Introducing several common scenarios: Docker Hub image market related, image warehouse commands.

1. Download the image from the docker hub image market.

docker pull user/image

2. Search for the image in docker hub.

# Note that you need to download the image to use it
docker search search_word

3. Authenticate to docker hub.

docker login

4. Upload the image to docker hub.

docker push user/image

docker network

grammar

docker network [COMMAND]

COMMAND

docker network connect

Connect the container to the network.
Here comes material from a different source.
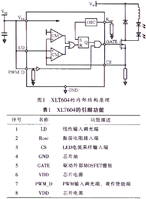 XLT604的内部结构如图1所示。各引脚的主要功能如表1所列。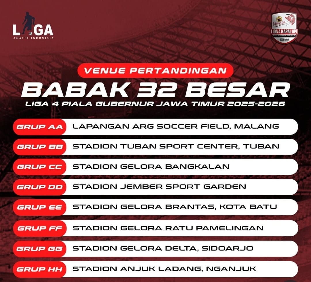 Berikut daftar venue resmi babak 32 besar Liga 4 Piala Gubernur Jawa Timur 2025–2026:

You can connect containers by name or ID. Once connected, a container can communicate with other containers on the same network.
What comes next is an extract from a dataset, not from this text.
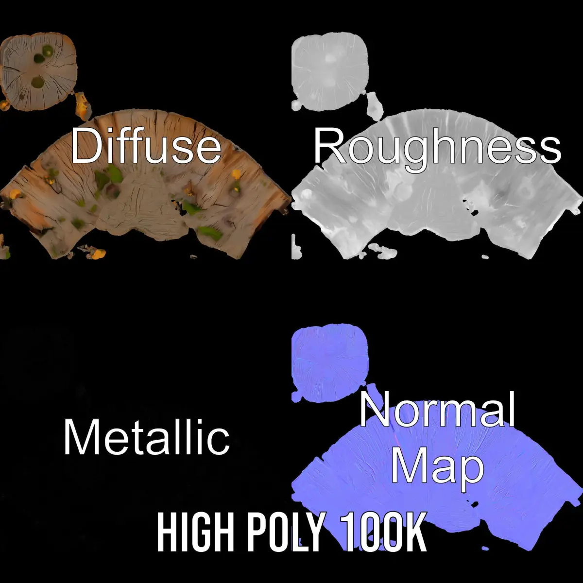 The Mossy Tree Stump with Fungi Model Pack features a detailed 3D model of a tree stump with realistic moss and fungi growth. Each model has 3 levels of detail: low-poly (1000 triangles for mobile), middle-poly (10,000 triangles for environment), and high-poly (100,000 triangles), allowing for use in production rendering, game engines, and interactive presentations. Ideal for forest scenes, fantasy landscapes, and nature documentaries. The model's textures include PBR, Diffuse, NormalMap, and reflection/roughness/metallic, suitable for modern rendering engines. All models are accurately unwrapped with no overlapping UVs. Textures are 4096*4096 in size. The first image is the reference used for creating the 3D model. It is important to carefully evaluate the quality of the model by examining the preview images that display the topology and polygonal mesh. These previews (WIRE and WEB 3D Preview) clearly demonstrate how accurately the model matches the original reference and how well the geometry has been executed. Please like and leave a comment if you enjoyed the model.

docker network connect [OPTIONS] NETWORK CONTAINER

Options parameters

--alias Add a network-wide alias to the container
--driver-opt driver options for network
--ip IPv4 address (e.g. 172.30.100.104)
--ip6 IPv6 address (e.g. 2001:db8::33)
--link Add the link to another container (not recommended, it will be deleted later)
--link-local-ip adds a local link address to the container

docker network disconnect

Disconnect the container from the network

docker network disconnect [OPTIONS] NETWORK CONTAINER

Options parameters

-f,--force force the container to disconnect from the network

docker network create

Create a new network

docker network create [OPTIONS] NETWORK

Options parameters

--attachable API 1.25+ enables manual container attachment
--aux-address Auxiliary IPv4 or IPv6 address used by the network driver
--config-from API 1.30+ network to copy configuration from
--config-only API 1.30+ creates a configuration-only network
-d,--driver bridge driver to manage the network
--gateway IPv4 or IPv6 gateway for the main subnet
--ingress API 1.29+ creates a cluster routed mesh network
--internal restricts external access to the network
--ip-range assign container ip from subrange
--ipam-driver IP address management driver
--ipam-opt Set IPAM driver specific options
--ipv6 Enable IPv6 network
--label Set metadata on the network
-o,--opt Set driver specific options
--scope API 1.30+ control network scope
--subnet represents the subnet in CIDR format of the network segment

docker network inspect

Returns information about one or more networks. By default, this command renders all results in a JSON object.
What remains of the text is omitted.